Cosine similarity (edge_similarity(), edge_similarity_matrix()): Compute pairwise cosine similarity between embedding vectors. Matrix version efficiently computes all-pairs similarity using normalized matrix multiply.
Embedding dimension query (edge_model_n_embd()): Query the embedding dimension of a loaded model.
Batch processing (edge_map()): Apply a prompt template over a vector of texts with progress reporting. Supports both string templates with {text} placeholder and custom prompt functions. Optional grammar constraint for structured batch output.
Batch extraction (edge_extract_batch()): Extract structured data from multiple texts, returning a data frame with one row per input.
RAG document indexing (edge_index_documents()): Build a semantic embedding index from a directory of text files or a character vector. Automatic chunking with configurable size and overlap.
RAG semantic search (edge_search()): Find the most relevant text chunks for a query using cosine similarity over the embedding index.
RAG question answering (edge_ask()): Retrieval-augmented generation that retrieves relevant context from an index and generates a grounded answer. Supports custom system prompts and optional context return for debugging/transparency.
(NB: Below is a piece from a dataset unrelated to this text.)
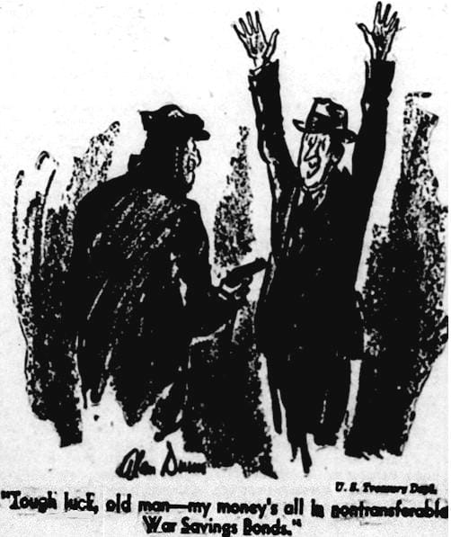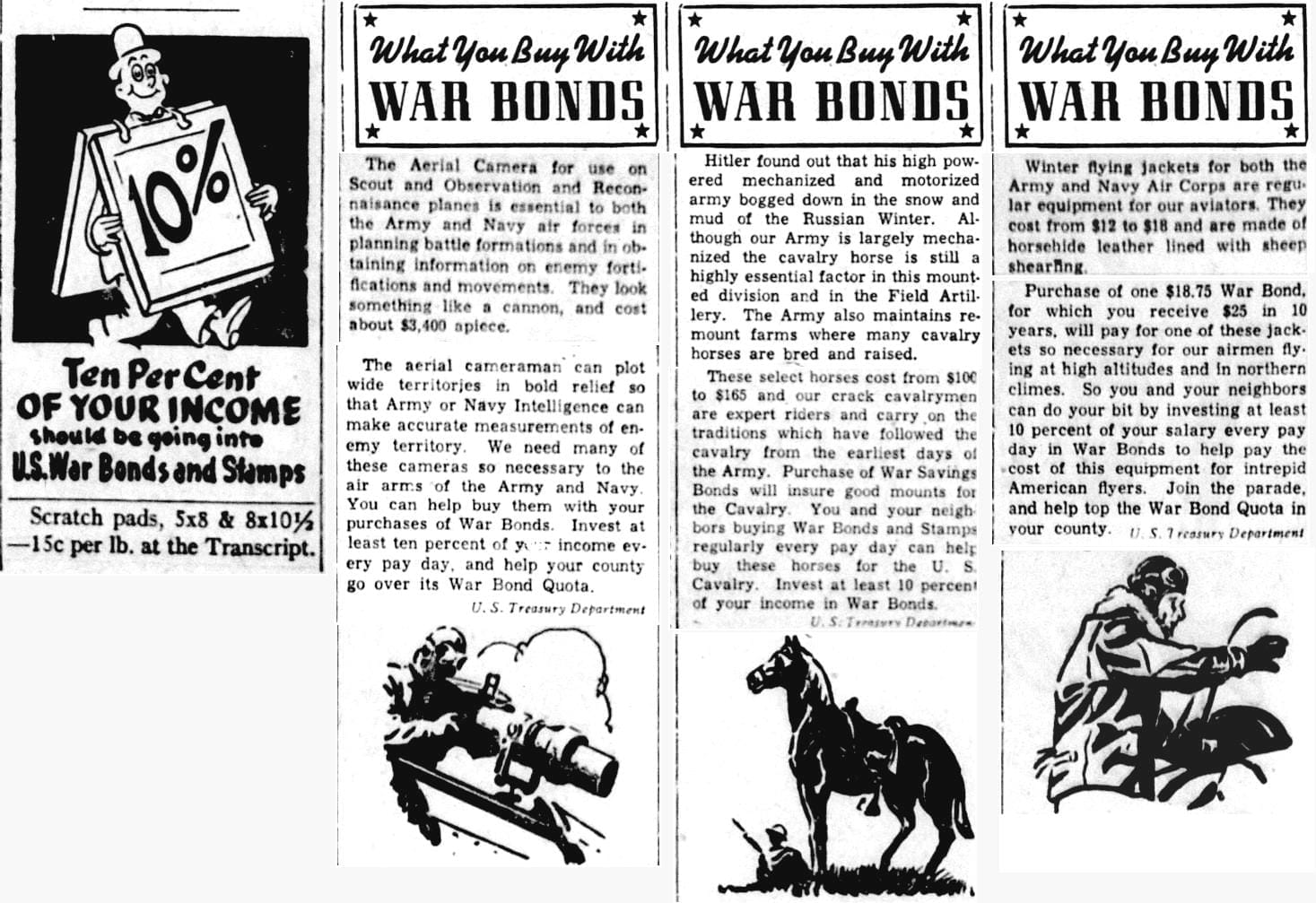War bonds were a recurring theme throughout the paper, with three separate pieces focused on “What You Buy With WAR BONDS,” and a cartoon reminding readers that 10% of their income should go into war bonds.

Plumber API server (edge_serve()): Serve a model as a local OpenAI-compatible REST API. Endpoints: /v1/completions, /v1/chat/completions, /v1/embeddings, /v1/models, /health. Supports optional API key authentication and CORS. Requires plumber.
Qwen3 model family in edge_list_models(): Added Qwen3-0.6B, 1.7B, 4B, and 8B pre-configured entries from the unsloth GGUF repository.
Friendly names in edge_download_model(): Now accepts model names from edge_list_models() (e.g., edge_download_model("Qwen3-0.6B")) in addition to HuggingFace repo IDs. Filename is auto-resolved from the model registry.
httr download fallback: .robust_download() now tries httr::GET before R’s download.file, improving reliability on corporate networks with custom SSL certificates or proxy configurations.
SIMD optimization warning: On package load, warns if running without SIMD (generic mode) and suggests reinstalling from source with EDGEMODELR_SIMD=NATIVE for faster inference.

Bug Fixes

Fixed grammar-constrained generation failures (issue #41): edge_grammar_completion(), edge_extract(), and edge_extract_batch() were unusable due to two bugs. First, edge_json_grammar() emitted rule names like field_1 containing underscores, which llama.cpp’s grammar parser rejects (only [a-zA-Z0-9-] is allowed in rule identifiers). Renamed to field-1. Second, llama_sampler_accept() throws “Unexpected empty grammar stack” when a token fully satisfies the grammar; the binding now catches this and terminates cleanly, same as end-of-generation handling.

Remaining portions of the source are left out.